**GIVEN DATA**.
──────────

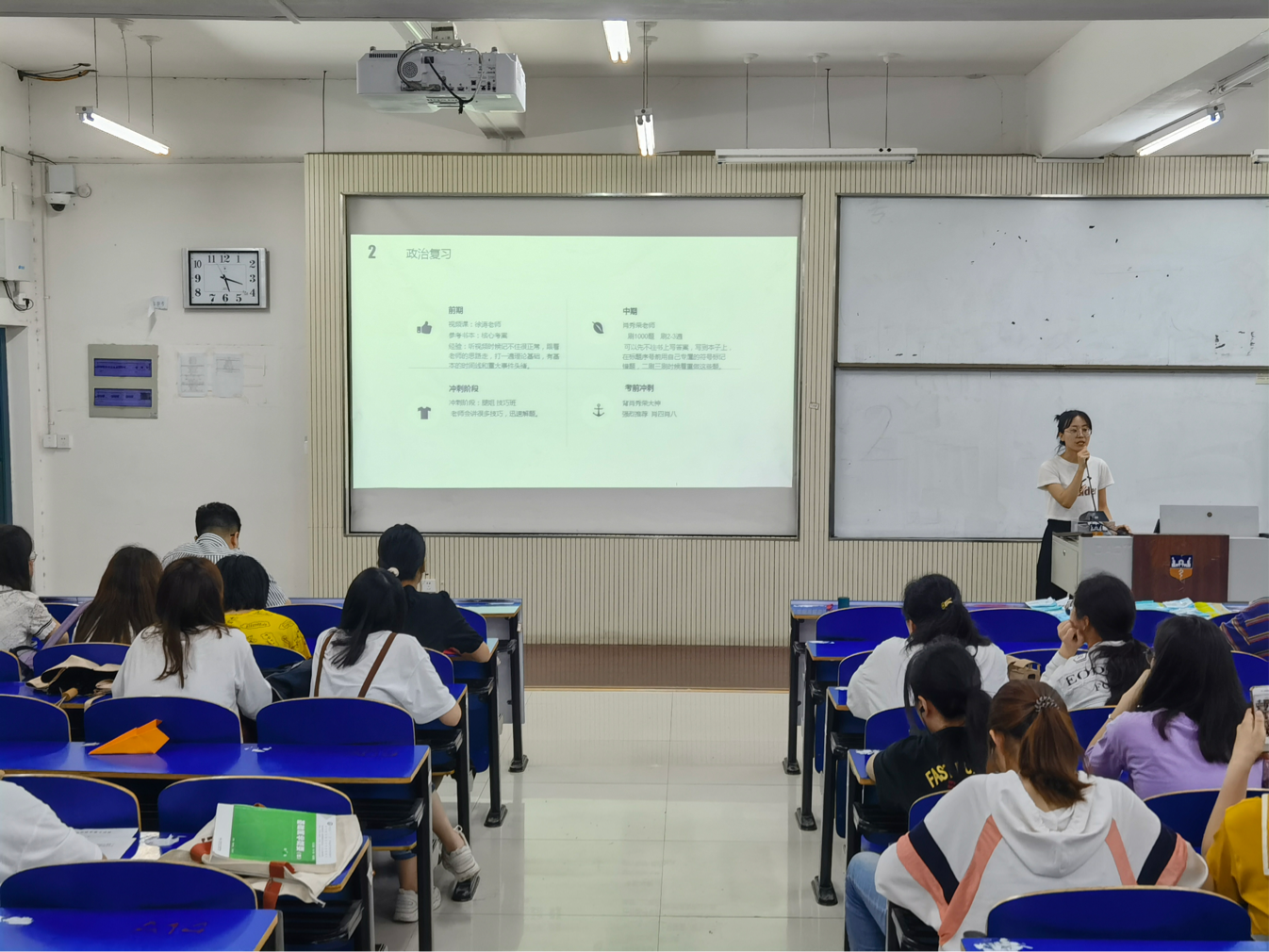 会上,分享人从备考策略、合理作息、学校选择、不同科目的复习方法等角度各自阐述了自己的观点和经验。
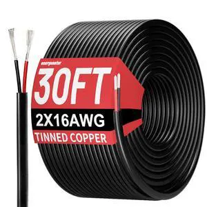 16 Gauge Wire 2 Conductor Electrical Wire, 16 AWG Wire Stranded PVC Cord, 12V Low Voltage/Tinned Copper/Flexible/16/2 Wire for Automotive Wire LED Strips Lamp Lighting Marine (30FT-9.1M)
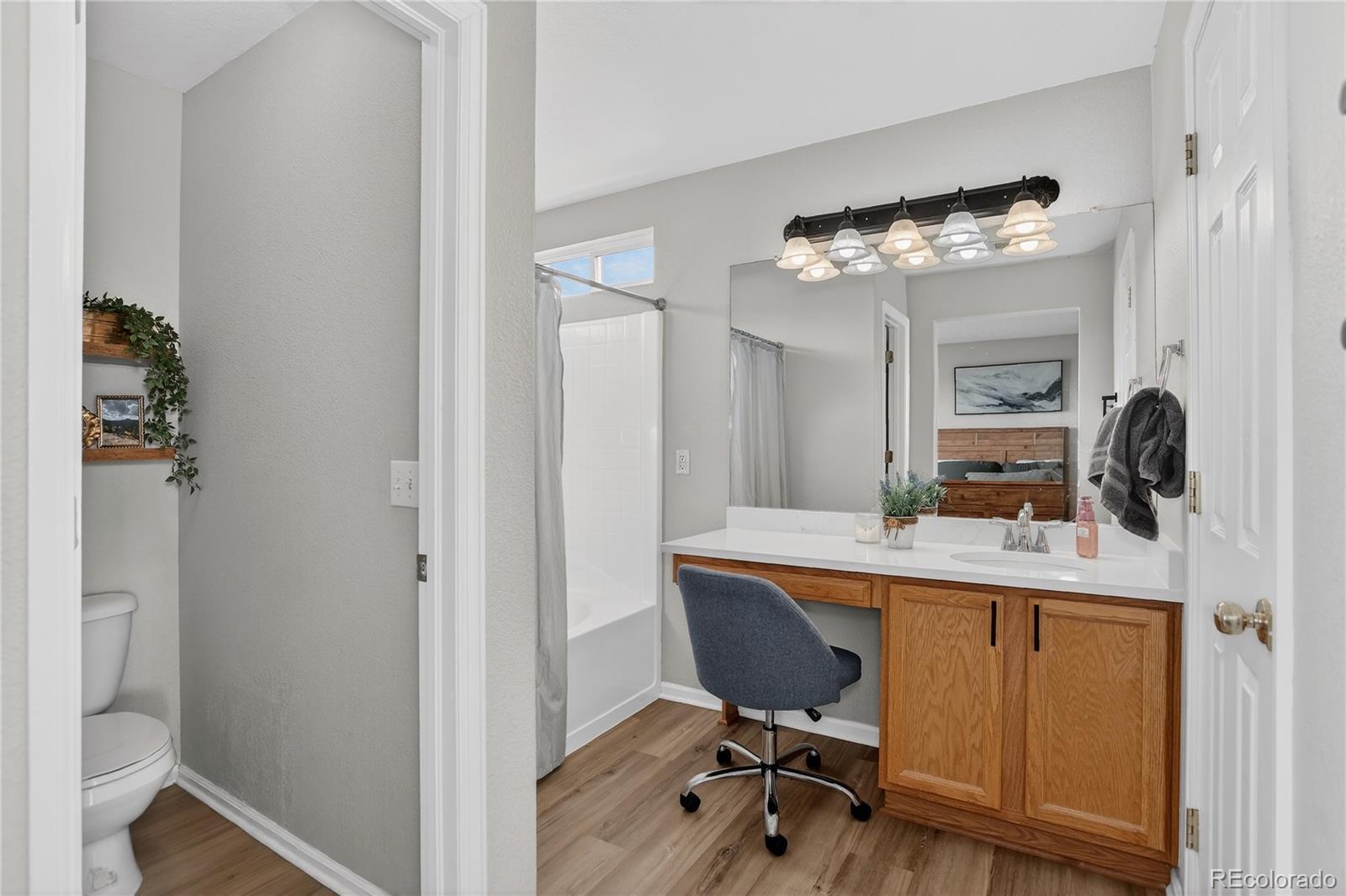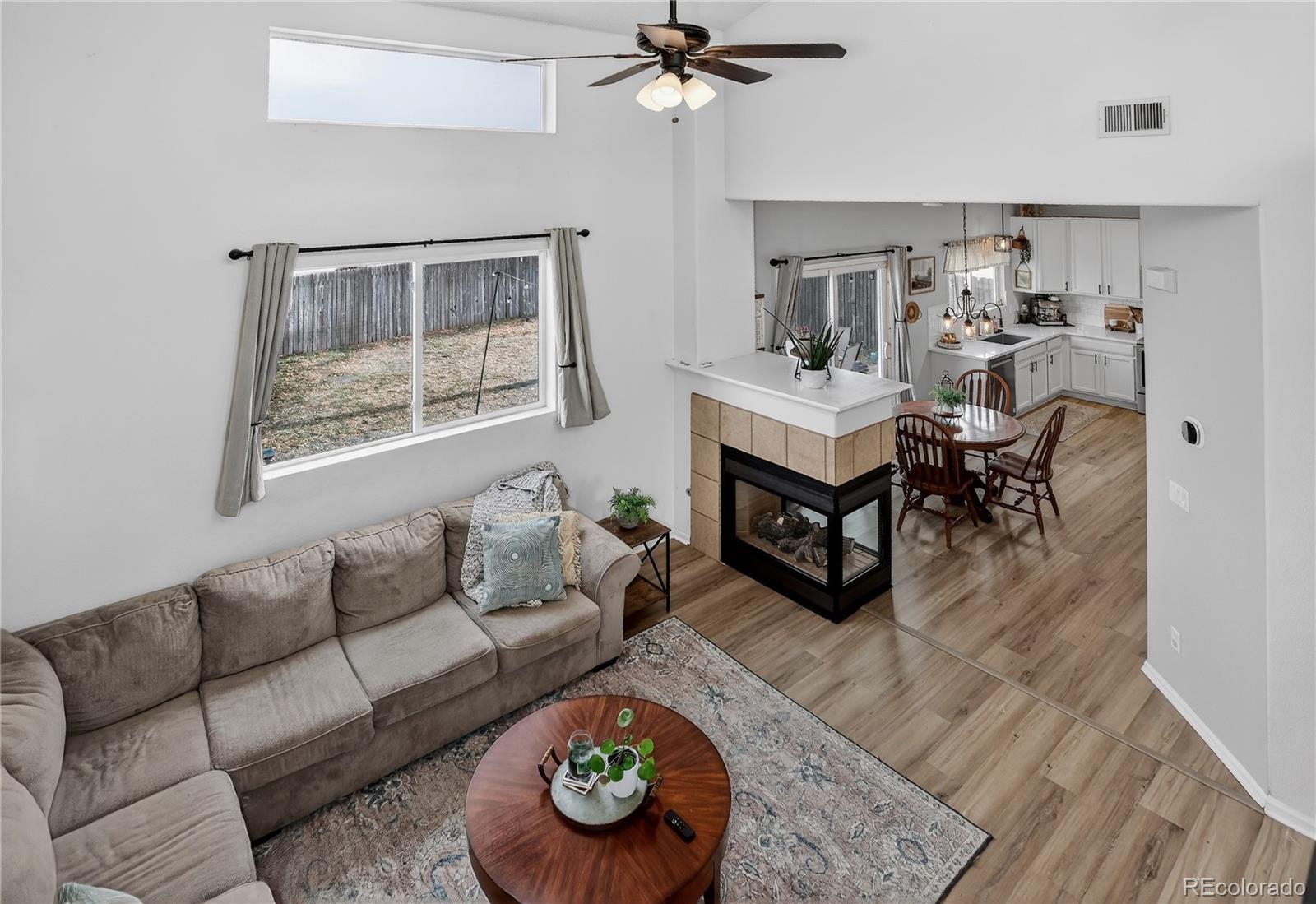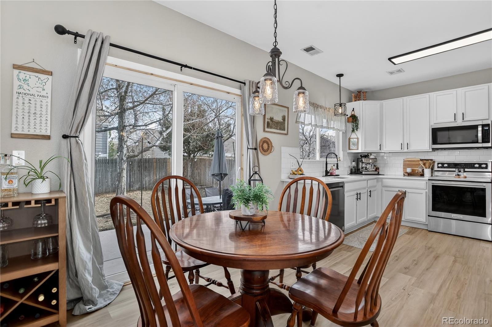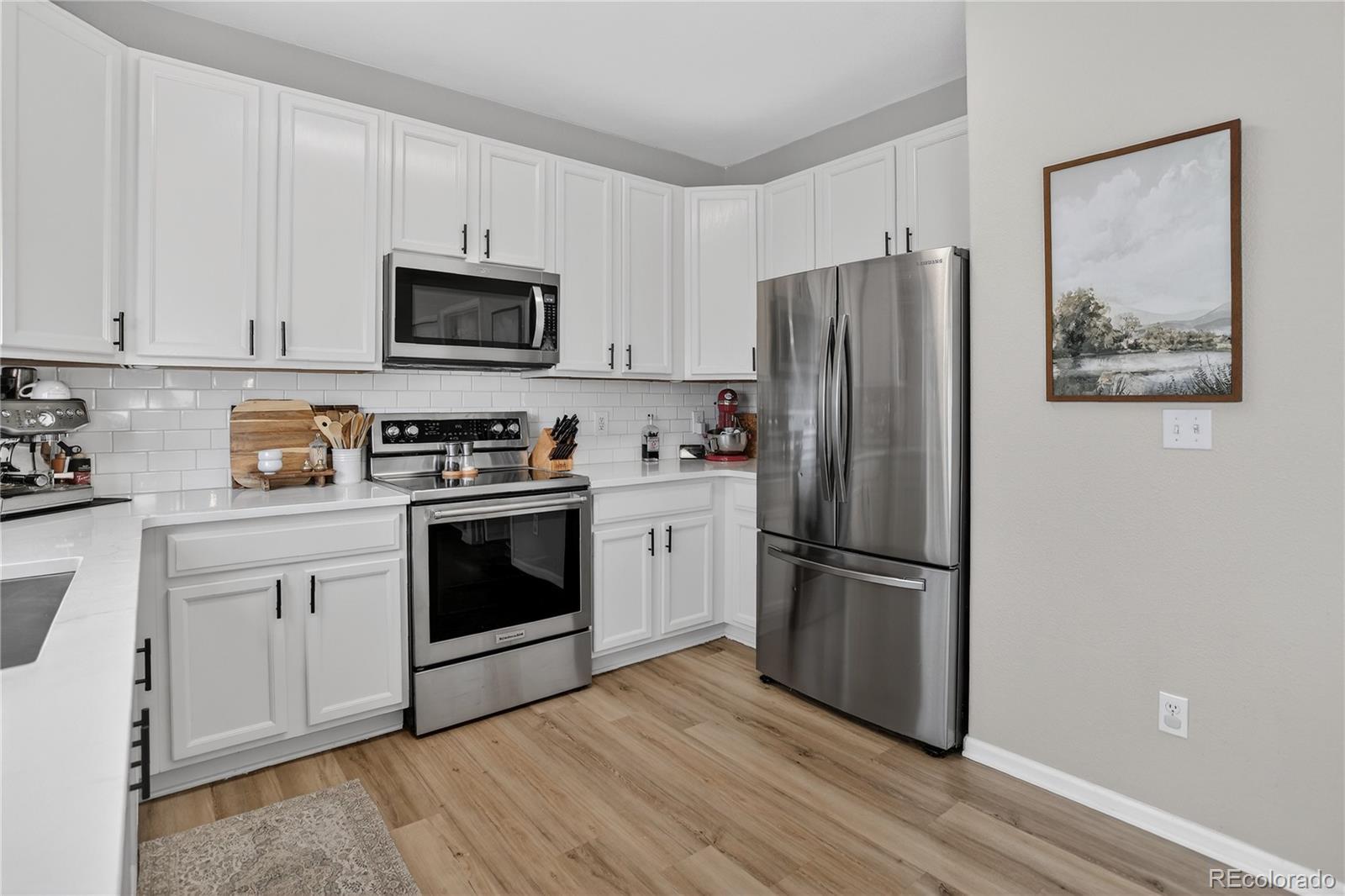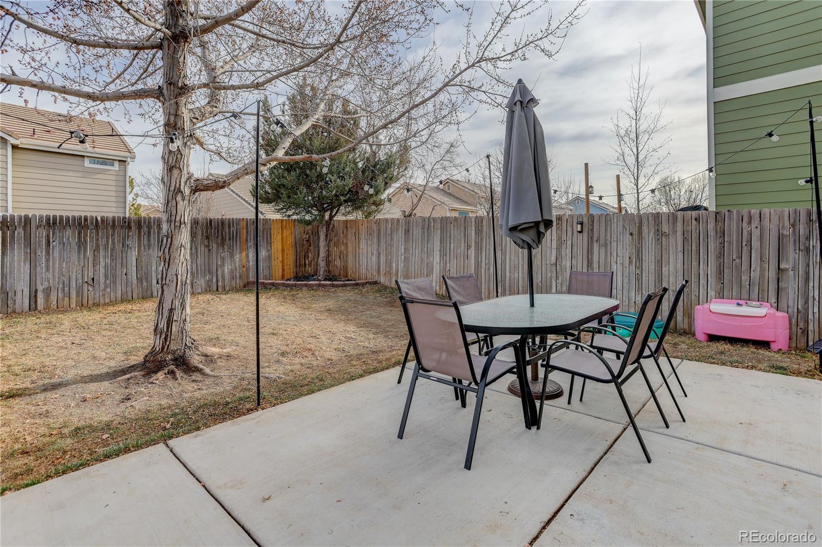 Welcome to Sterling Hills and this beautiful move in ready home! Come on in and enjoy soaring ceilings, wonderful natural light and an open floor plan on the main level. Neutral finishes create a bright and inviting atmosphere throughout…you will love the Pottery Barn inspired design! The recently updated kitchen offers quartz countertops, stylish subway tile backsplash, stainless appliances, modern lighting, and a spacious eat-in dining area…perfect for both everyday living and entertaining. A convenient main-level laundry room with cabinets is located just inside the garage entry. Head upstairs and enjoy the mountain views on the way! A thoughtful layout features a generous primary suite complete with an en suite bathroom, along with two additional well-sized bedrooms and a secondary full bath. Other notable features include NEW: AC | Water Heater | Driveway | Vinyl Flooring | Carpet | Patio Door | Appliances | Lighting and Paint just to name a few! A Private backyard and patio area is ready for summer gatherings, and gives you plenty of space to relax, play, or garden. Ideally located in the desirable Sterling Hills community, you’re just minutes from Great Plains Park, offering a splash park, near miles of trails, and access to the Tollgate Creek Trail. Close to all the conveniences …shopping, dining entertainment. Sidecreek Elementary is just a few blocks away and Mrachek Middle School and Rangeview High School are only a short drive away. Your Colorado home is ready and waiting for you!

──────────

**INSTRUCTIONS FOR THE TASK**.
Without the pictures, repeat the listing word for word.

**SOLVED PROBLEM**.
 会上,分享人从备考策略、合理作息、学校选择、不同科目的复习方法等角度各自阐述了自己的观点和经验。
 16 Gauge Wire 2 Conductor Electrical Wire, 16 AWG Wire Stranded PVC Cord, 12V Low Voltage/Tinned Copper/Flexible/16/2 Wire for Automotive Wire LED Strips Lamp Lighting Marine (30FT-9.1M)
 Welcome to Sterling Hills and this beautiful move in ready home! Come on in and enjoy soaring ceilings, wonderful natural light and an open floor plan on the main level. Neutral finishes create a bright and inviting atmosphere throughout…you will love the Pottery Barn inspired design! The recently updated kitchen offers quartz countertops, stylish subway tile backsplash, stainless appliances, modern lighting, and a spacious eat-in dining area…perfect for both everyday living and entertaining. A convenient main-level laundry room with cabinets is located just inside the garage entry. Head upstairs and enjoy the mountain views on the way! A thoughtful layout features a generous primary suite complete with an en suite bathroom, along with two additional well-sized bedrooms and a secondary full bath. Other notable features include NEW: AC | Water Heater | Driveway | Vinyl Flooring | Carpet | Patio Door | Appliances | Lighting and Paint just to name a few! A Private backyard and patio area is ready for summer gatherings, and gives you plenty of space to relax, play, or garden. Ideally located in the desirable Sterling Hills community, you’re just minutes from Great Plains Park, offering a splash park, near miles of trails, and access to the Tollgate Creek Trail. Close to all the conveniences …shopping, dining entertainment. Sidecreek Elementary is just a few blocks away and Mrachek Middle School and Rangeview High School are only a short drive away. Your Colorado home is ready and waiting for you!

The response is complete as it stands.